Она мельком взглянула на Чарли и с вымученной улыбкой обратилась к сыну:

– Ну что ж, Чарли, раз ты зазвал в наш дом гостя, проводи его наверх и покажи свободную комнату.

– Комнату я уже выбрал. Ту, что была нашей общей. Я так полагаю. Помнишь, я там жил? – парировал Джеймс. – И кроме того… – он посмотрел на Чарли, – мы с Чарли уже отнесли мои пожитки наверх, не так ли, старик?

Вин вынуждена была отвернуться, чтобы скрыть выражение лица.

– Мам, мы голодные как волки, – объявил Чарли как ни в чем не бывало.

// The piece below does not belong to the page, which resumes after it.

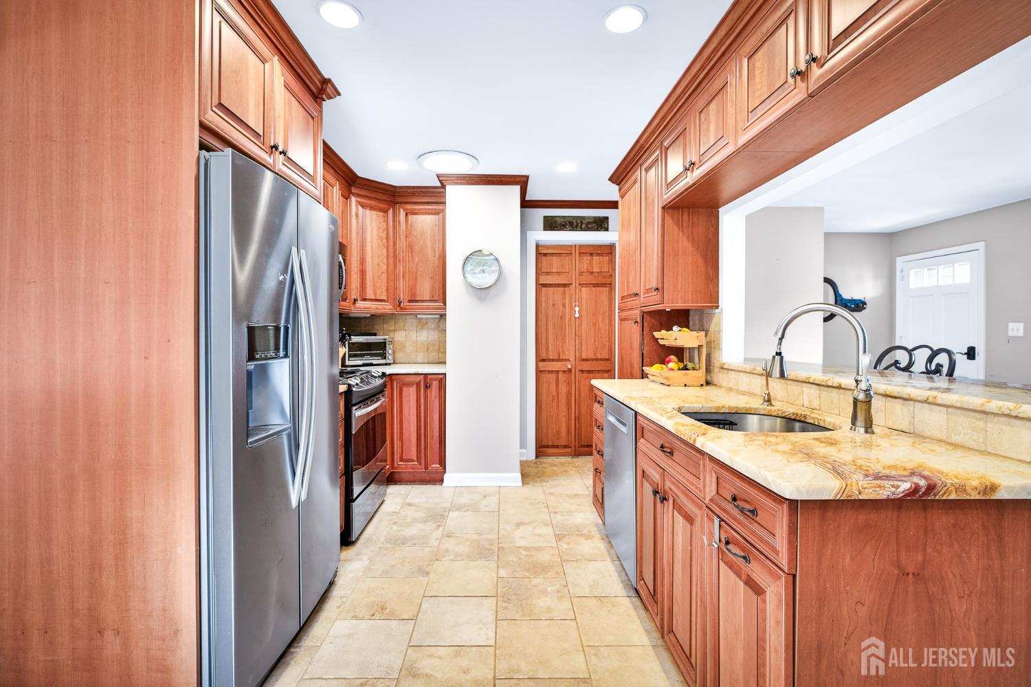 This beautifully maintained 4-bedroom split-level home offers the perfect blend of indoor-outdoor living! A bright and inviting main level with a bay window in the living room, kitchen with a breakfast bar. SS appliances and granite counters. As you step down to the ground level there is a bedroom/office space and a spacious family room, ideal for movie nights or entertaining. French doors lead to a beautiful outdoor oasis, complete with a 900 sq. ft paver patio with built in propane grill, accent lighting and fenced in yard, all perfect for hosting gatherings, summer barbeques, or simply relaxing and enjoying the fire pit! The yard offers a shed for extra storage and plenty of space for relaxation which makes it a true extension of the home. Upstairs you will find a full bath and 3 bedrooms with the primary bedroom offering a walk in closet. Maintenance free exterior. Close to schools, shopping and transportation! CJMLS 2612805R

Чувствуя новый приступ отчаяния, Вин диву далась, откуда у нее берутся силы, чтобы хоть как-то сносить абсурдность своего положения: бывший муж не просто явился в гости, а въехал в их дом с вещами и, кажется, вознамерился этот дом оттягать. А ей предоставляется право ублажить его ужином.

Вин хотелось уползти в какой-нибудь темный, безопасный угол, свернуться калачиком и дать волю слезам. Но в их доме безопасных углов не водилось: она даже в спальне не могла закрыться без того, чтобы Чарли не допытывался, что она там делает. Джеймс, конечно же, догадался, что ей невтерпеж пореветь.

О, он имел над ней перевес. Как же долго он все это затевал… как умело манипулировал Чарли, и вот ребенок скрытничает, обманывает, лжет. Скрытность сына ранила больнее всего, и оставалось только терпеливо сносить эту боль. То благоговение, с каким Чарли относился к отцу, пошатнуло ее уверенность в том, что между ней и сыном существует взаимопонимание. Чарли же знал прекрасно, что она будет против того, чтобы Джеймс жил с ними.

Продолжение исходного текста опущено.